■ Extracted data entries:
☆ ☆ ☆

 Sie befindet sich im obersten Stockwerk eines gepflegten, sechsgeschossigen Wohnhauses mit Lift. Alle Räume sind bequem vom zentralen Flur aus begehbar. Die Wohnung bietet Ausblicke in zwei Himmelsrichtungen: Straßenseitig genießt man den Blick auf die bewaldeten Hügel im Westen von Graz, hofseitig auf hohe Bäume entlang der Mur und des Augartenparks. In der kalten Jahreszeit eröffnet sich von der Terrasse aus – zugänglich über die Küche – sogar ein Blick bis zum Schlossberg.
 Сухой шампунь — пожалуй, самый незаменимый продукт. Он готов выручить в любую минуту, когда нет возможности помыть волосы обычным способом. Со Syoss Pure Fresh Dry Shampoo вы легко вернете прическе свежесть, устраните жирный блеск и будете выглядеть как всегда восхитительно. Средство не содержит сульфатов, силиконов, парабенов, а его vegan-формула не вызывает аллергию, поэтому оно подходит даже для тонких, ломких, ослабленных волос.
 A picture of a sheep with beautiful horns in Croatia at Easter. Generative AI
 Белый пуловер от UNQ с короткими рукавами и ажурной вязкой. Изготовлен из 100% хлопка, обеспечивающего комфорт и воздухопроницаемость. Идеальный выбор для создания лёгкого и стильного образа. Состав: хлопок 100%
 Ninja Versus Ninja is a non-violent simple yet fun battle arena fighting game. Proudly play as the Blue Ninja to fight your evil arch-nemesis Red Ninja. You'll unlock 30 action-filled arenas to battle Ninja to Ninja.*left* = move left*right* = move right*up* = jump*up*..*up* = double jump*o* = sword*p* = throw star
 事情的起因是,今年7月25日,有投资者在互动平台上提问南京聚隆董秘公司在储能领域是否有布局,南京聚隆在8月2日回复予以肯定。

☆ ☆ ☆

■ Exercise objective: Could you give the data above again, exact in every line?

■ Output below:
 Sie befindet sich im obersten Stockwerk eines gepflegten, sechsgeschossigen Wohnhauses mit Lift. Alle Räume sind bequem vom zentralen Flur aus begehbar. Die Wohnung bietet Ausblicke in zwei Himmelsrichtungen: Straßenseitig genießt man den Blick auf die bewaldeten Hügel im Westen von Graz, hofseitig auf hohe Bäume entlang der Mur und des Augartenparks. In der kalten Jahreszeit eröffnet sich von der Terrasse aus – zugänglich über die Küche – sogar ein Blick bis zum Schlossberg.
 Сухой шампунь — пожалуй, самый незаменимый продукт. Он готов выручить в любую минуту, когда нет возможности помыть волосы обычным способом. Со Syoss Pure Fresh Dry Shampoo вы легко вернете прическе свежесть, устраните жирный блеск и будете выглядеть как всегда восхитительно. Средство не содержит сульфатов, силиконов, парабенов, а его vegan-формула не вызывает аллергию, поэтому оно подходит даже для тонких, ломких, ослабленных волос.
 A picture of a sheep with beautiful horns in Croatia at Easter. Generative AI
 Белый пуловер от UNQ с короткими рукавами и ажурной вязкой. Изготовлен из 100% хлопка, обеспечивающего комфорт и воздухопроницаемость. Идеальный выбор для создания лёгкого и стильного образа. Состав: хлопок 100%
 Ninja Versus Ninja is a non-violent simple yet fun battle arena fighting game. Proudly play as the Blue Ninja to fight your evil arch-nemesis Red Ninja. You'll unlock 30 action-filled arenas to battle Ninja to Ninja.*left* = move left*right* = move right*up* = jump*up*..*up* = double jump*o* = sword*p* = throw star
 事情的起因是,今年7月25日,有投资者在互动平台上提问南京聚隆董秘公司在储能领域是否有布局,南京聚隆在8月2日回复予以肯定。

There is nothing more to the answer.